Let $E/K$ be an extension of algebraic number fields and let $\mathcal{O}_E$ and $\mathcal{O}_K$ be the respective rings of integers.
For any prime ideal $\mathfrak{P} \subset \mathcal{O}_E$, $\mathfrak{p} := \mathfrak{P} \cap \mathcal{O}_K$ is a prime ideal in $\mathcal{O}_K$, and $\mathfrak{P} \mid \mathfrak{p}$.
We call $\mathcal{O}_K/\mathfrak{p}$ the residue field of $K$ with respect to the prime $\mathfrak{p} \subset \mathcal{O}_K$.
Similarly, $\mathcal{O}_E/\mathfrak{P}$ is the residue field of $E$ with respect to the prime $\mathfrak{P} \subset \mathcal{O}_E$.
Then if $\mathfrak{P} \mid \mathfrak{p}$, we define the corresponding residue field extension as:
$$(\mathcal{O}_E/\mathfrak{P})/(\mathcal{O}_K/\mathfrak{p}).$$
But how do we make sense of this?
The elements of $\mathcal{O}_E/\mathfrak{P}$ are of the form $x\ (\textrm{mod}\ \mathfrak{P})$ where $x \in \mathcal{O}_E$, whereas the elements of $\mathcal{O}_K/\mathfrak{p}$ are of the form $x\ (\textrm{mod}\ \mathfrak{p})$ where $x \in \mathcal{O}_K$.
So in what sense can $\mathcal{O}_E/\mathfrak{P}$ be said to be an extension of $\mathcal{O}_K/\mathfrak{p}$, or equivalently: How can $\mathcal{O}_K/\mathfrak{p}$ be said to be a subfield (or even a subset) of $\mathcal{O}_E/\mathfrak{P}$?
Addendum:
Could one say that every $x \in \mathcal{O}_K$ that is a representative of an element in $\mathcal{O}_K/\mathfrak{p}$ is also a representative of an element in $\mathcal{O}_E/\mathfrak{P}$?
Best Answer
Let $f \colon A \to B$ be any morphism of commutative rings, and let $J$ be any ideal of $B$. Set $I = f^{-1}(J)$, and let $\pi_{I} \colon A \to A/I, \pi_{J} \colon B \to B/J$ denote the canonical quotient morphisms.
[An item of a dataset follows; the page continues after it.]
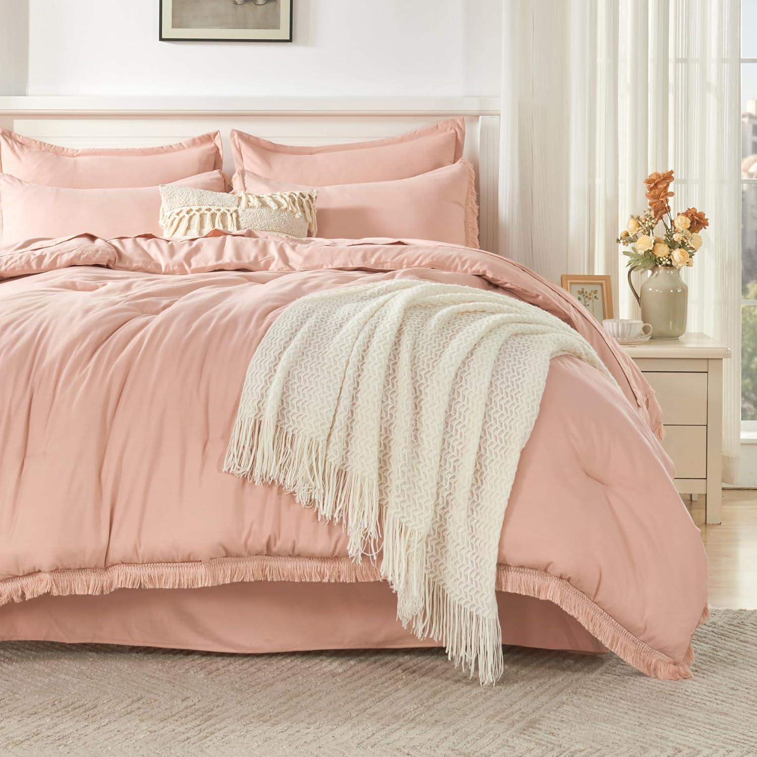 Andency Beige California King Size Comforter Set with Sheets – 7 Pieces Boho Tassel Bed in a Bag Soft Lightweight Bedding Sets, Fringe Bed Set with Comforter, Sheets, Pillowcases & Shams(13 – Pink)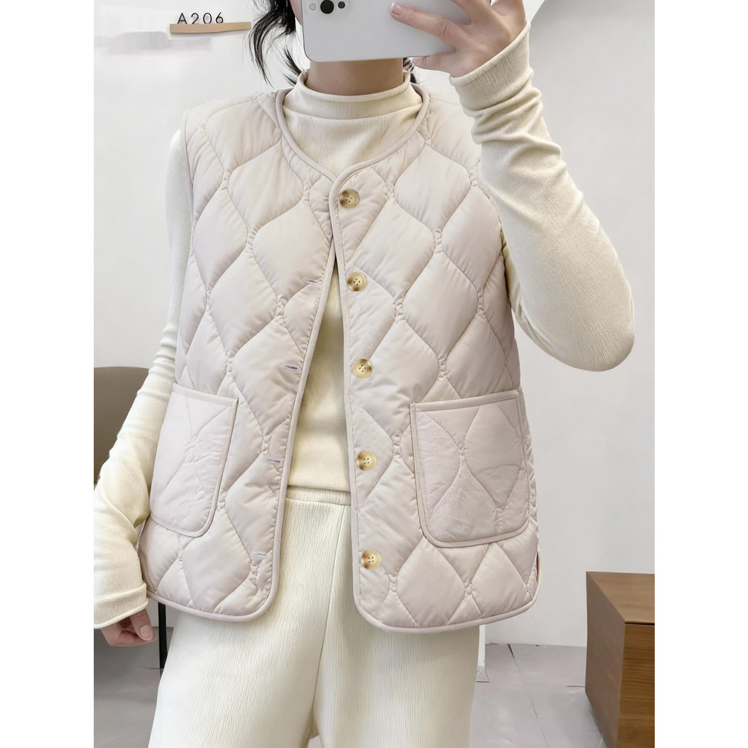 2025秋冬新款无领轻薄圆领羽绒马甲女内穿薄款内胆羽绒服背心坎肩

Then the composition $$A \xrightarrow{f} B \xrightarrow{\pi_{J}} B/J$$ has precisely kernel $I$, and so factors through a (unique) injection $\overline{f} \colon A/I \to B/J$ such that $\overline{f} \circ \pi_{I} = \pi_{J} \circ f$ by the universal property of the quotient.
Specializing to your situation, $A = \mathcal{O}_{K}, B = \mathcal{O}_{E}, J = \mathfrak{P}, I = \mathfrak{p}$, and $f$ is just the inclusion $\mathcal{O}_{K} \hookrightarrow \mathcal{O}_{E}$.